A Comparison Between Stacked Denoising Autoencoder (SDAE) with Long Short-Term Memory (LSTM) for Cancer Classification
Abstract
Cancer is the serious type of disease as genetic modification can lead to cancer. Cancer disease can be controlled from spread if early diagnosed is make. The main problem to do cancer classification is because of the large data in dataset. This data will be meaningless if the dataset contains many unclean data. Unclean data meant that the data might be null data, redundant or else. Therefore, the result produce will be not much accurate, and the complexity of the algorithm can be increased.
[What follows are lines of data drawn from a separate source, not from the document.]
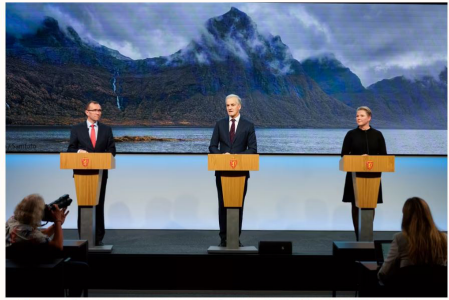
Statsminister Jonas Gahr Støre (A), utvklingsminister Anne Brautrud (Sp) og klimo- og miljøvernminister Espen Barth Eide (A) på scenen for Pils-Brige klimatoppmøtet i Sharm el-Sheikh i Egypt.

Norge og EU skal etter planen inngå en industriavtale under klimatoppmøtet i Sharm el-Sheik i Egypt. Et lekket utkast om støtte til norsk oljeleting har skapt avis hos klima- og miljøorganisasjonene.
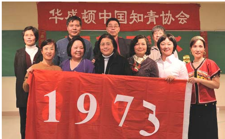
花生屯知青家谱——1973年
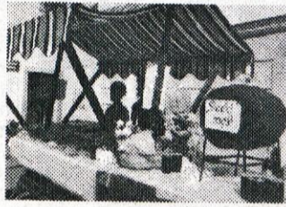
Gospodinje iz Tuhinjske doline so napekle polne jerbabe dobrot. Tudi letošnjega sladkega mošta ni manjkalo.

cer še skromne po številu, spremljale kamniške mažoretke, poskrbeli še godbeniki iz Domžal, Mengša in Moravč.
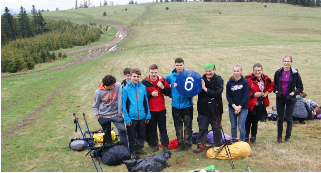
Grupa z PG 6 gotowa do boju!
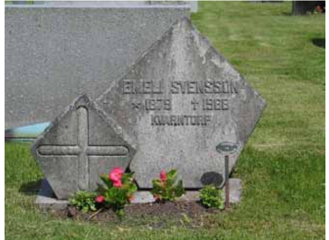
Gravvård i kv V. (KI Fliseryd kyrkog 062)
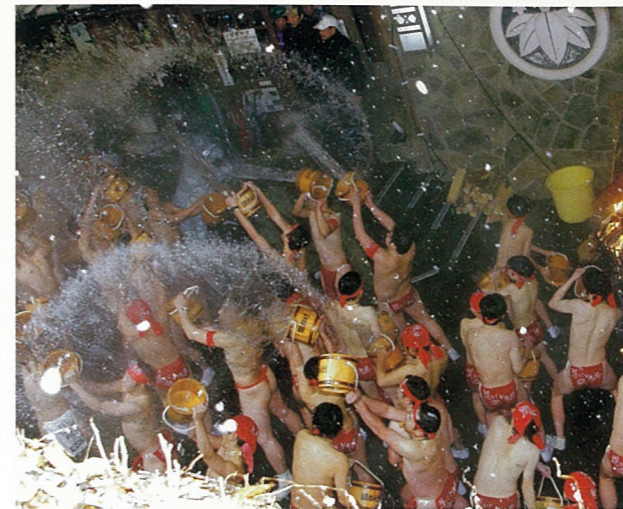
【受賞名】川原湯温泉協会長賞 【題名】お祝いだー 【撮影場所】長野原町川原湯温泉

毎年厳冬の朝に川原湯温泉で行われる奇祭。湯かけ太鼓の合図とともにまつりが始まり、儀式的後に紅白に分かれた勇み姿の若者たちが、お湯を掛け合う。辺りは湯煙と参加者たちの熱気であふれかえる。

In this research, multi-omics dataset will be used. To get multi-omics dataset, the data need to undergo some pre-process phase to make sure that the dataset produce is clean. The dataset will be integrating by using python coding. This will help to combine the omics data from different file. The data also will undergo feature selection to select attribute or features from the complete set of data. The method that will be used for feature selection is SVM-RFE. SVM-RFE was proven as the best feature selection method to ranks the features or gene by training support vector machine classification model and choose lead genes feature with RFE strategy [1]. After the data have clean it will be implemented in stacked denoising autoencoder (SDAE) and recurrent neural network (RNN). Lastly, the performance of both methods will be compared to find out which method is the better in classifying cancer data using multi-omics dataset.